Date Approved

2015

Date Posted

4-30-2015

Degree Type

Open Access Senior Honors Thesis

Department

Psychology

First Advisor

Dr. Dean Lauterbach

Second Advisor

Dr. Stephen Jefferson

Abstract

Exposure to community violence is positively correlated with aggression towards other people (Allwood & Bell, 2008). Researchers in this area have classified aggression into two broad categories, proactive and reactive aggression. Proactive aggression refers to aggression that is used as an instrument to achieve a goal, whereas reactive aggression refers to aggression that is used as a response to a real or perceived treat (Chaux, Arboleda, & Rincon, 2012).

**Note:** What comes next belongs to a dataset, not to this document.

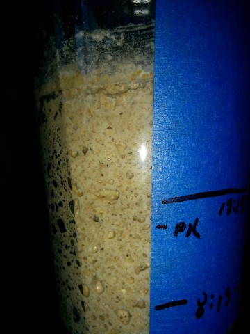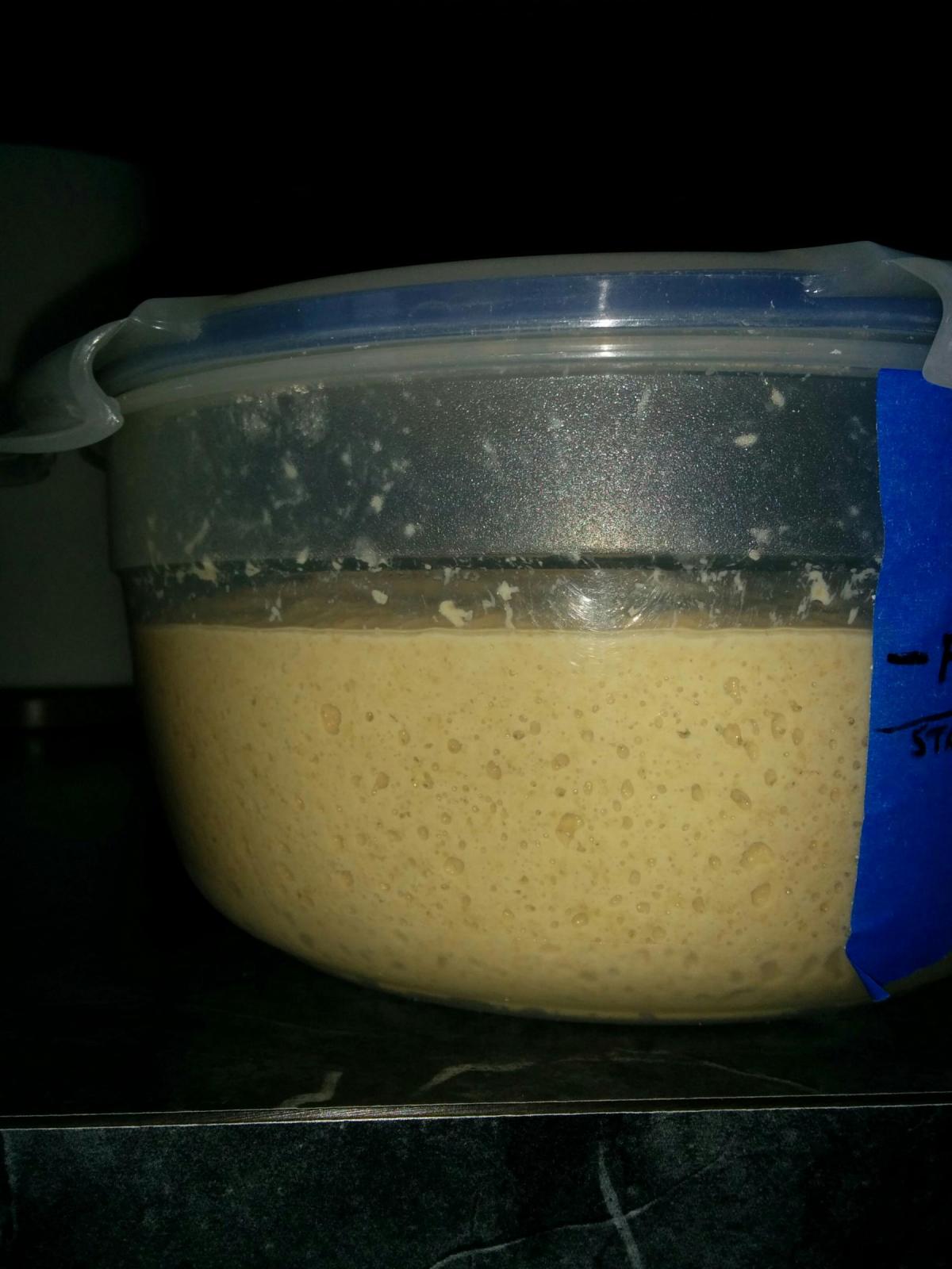 I also use a see-through container for bulk ferment, so that I can see what is going on "beneath the surface".  This was a mix I did a while back, with the bottom line being where the dough started, and the top was where it was at when I put it in to the refrigerator to finish bulking overnight.  You can see how active the dough was by all of the bubbles on the side, as well as the growth: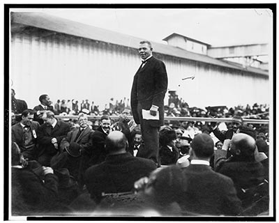 Pictured: Black and white photograph of Booker T. Washington addressing a crowd at Mound Bayou. Washington is standing on a platform, holding a white sheet of paper, and is wearing a black suit. The crowd makes a full circle below him, most dressed in black suits and dresses. In the background is a white building, likely used for Mound Bayou’s agricultural production.

Exposure to community violence impacts both reactive and proactive aggression, but mechanisms explaining this relationship are still unclear. One potential mediator of this relationship is religiosity. Previous research suggests that individuals turn to religion as a coping mechanism when encountering stressful situations, but the efficacy of this coping mechanism has generated mixed results (Ano & Vasconcelles, 2005). Considering that exposure to violence and aggressive behavior lead to stress, it is plausible that religiosity is a mediator of this relationship. One hundred twenty three currently enrolled Eastern Michigan University undergraduate students completed self-report measures assessing exposure to community violence, religiosity and both reactive and proactive aggression. It was hypothesized that higher levels of exposure to violence are positively correlated with both types of aggression and religious coping would moderate that relationship. This hypothesis was not supported. However, there was a direct effect between experiences with 'safety' (the mirror image of violence exposure) and lower levels of proactive aggression.